The Institute of Chartered Accountant of England and Wales (ICAEW) identified a series of issues which the incoming EP should focus on to build a more competitive and sustainable European economy.
ICAEW chief executive Michael Izza said that the EU policy making had to be remodeled in order to achieve the right growth in Europe. "This would entail better evaluation of the impact of EU laws, a slimmed-down Commission where commissioners are focussed on key priority areas, increased participation and collaboration in policy-making and the use of ‘regulatory budgets’ to cap the costs of new regulations," he said.
Izza also said that amongst the top priorities for the new EP should be to "create the right framework for businesses to flourish, step up actions to fix public finances and encourage Member States to equip young people with the skills they need to compete and prosper in a competitive, global economy".
Izza hailed the reforms and new regulations of the last fiver years as necessary ones but he said it was now important that over the next five years the EP "creates a calmer atmosphere for businesses with greater regulatory constraint".

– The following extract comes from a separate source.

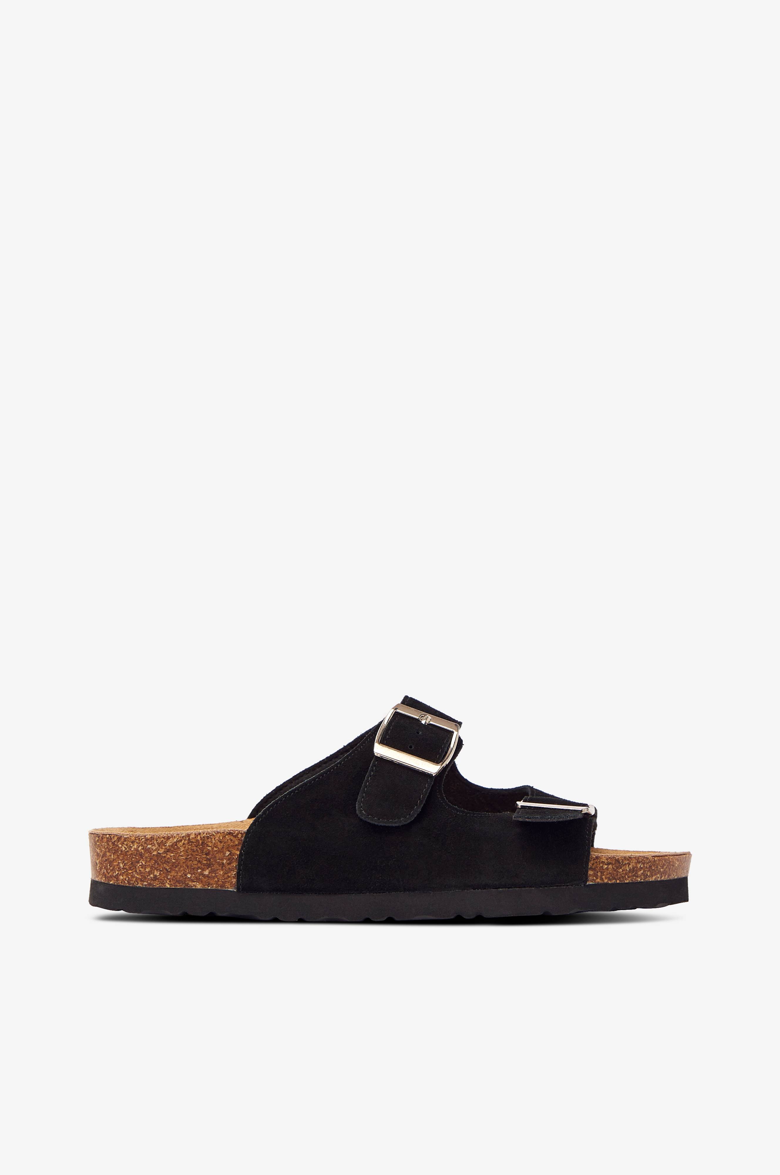 Sandal Two Straps i bekväm, fotriktig och stabil modell med anatomisk fotbädd. Remmar i mjuk mocka med justerbara metallspännen. Fotformad innersula med velourkänsla.
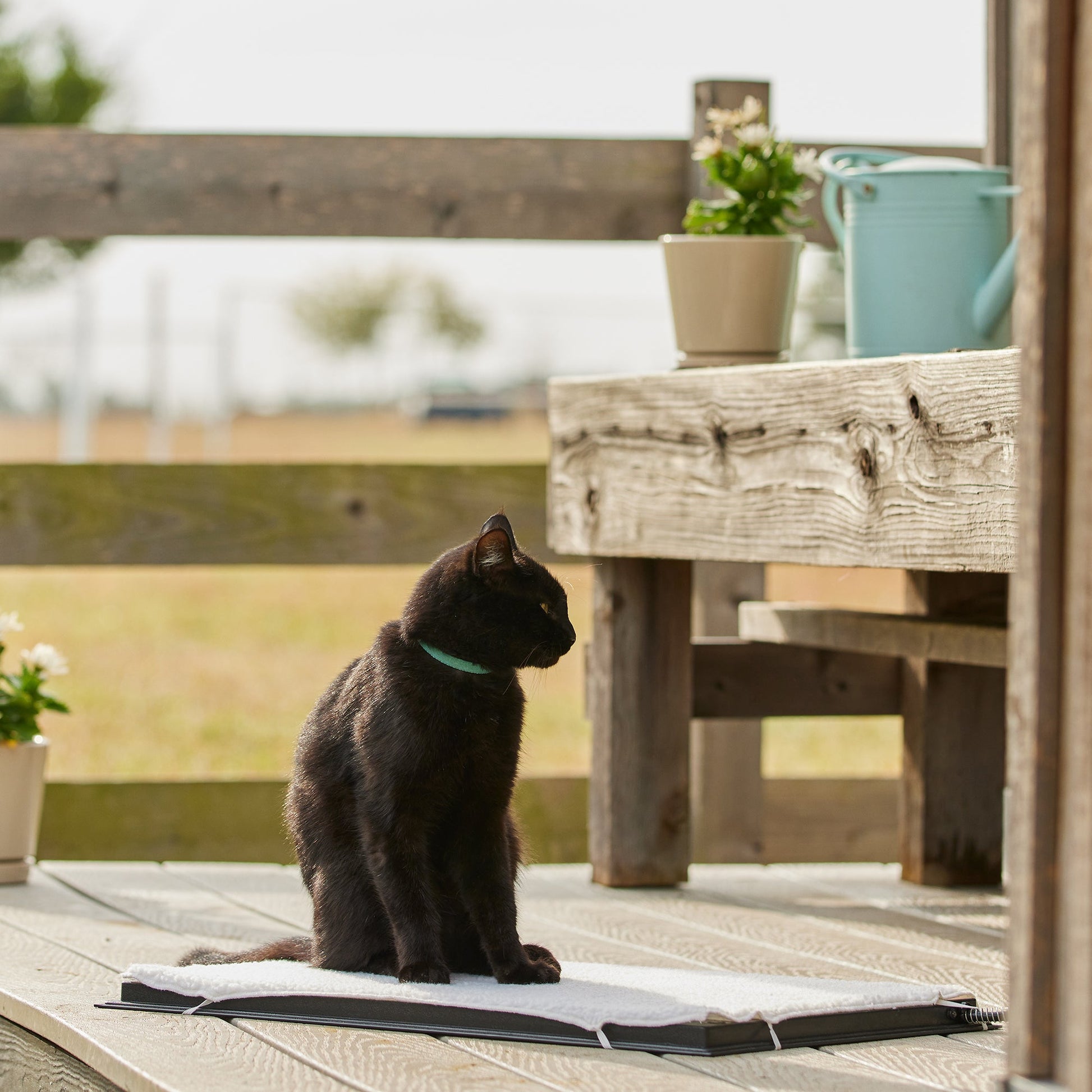 Keep your pet warm and comfortable during even the toughest winters with the Farm Innovators Medium Plastic Heated Pet Mat. This 17 x 24-inch fleece-covered pet mat can be used indoors or outdoors and is the ideal winter accessory for your dog, cat, or other pets!

He concluded that to achieve these goals it was "important that members of the European Parliament engage both with the process throughout and with business, regulators and the professions to deliver legislation that is effective and proportionate".
Vulnerable public finance
The Chartered Institute of Public Finance & Accountancy (CIPFA) has called for a swift adoption of accounting and auditing reforms to address the vulnerable public finances of the European member states.
"In the absence of good information, markets and voters have been, and remain in, a poor position to understand the real fiscal condition of member states," CIPFA said in a statement. "Europe, and many member states, have yet to accept that high quality fiscal management relies on high quality financial information, which in turn requires accounting in line with international public sector accounting standards."
CIPFA chief executive Rob Whiteman said little had been done to address the issues which helped trigger the crisis. "CIPFA therefore calls on the new Commission and Parliament to act urgently to prevent further crisis," he said. "Confidence in financial management by governments cannot be restored without significant improvements in accounting and auditing by many, or most, member states."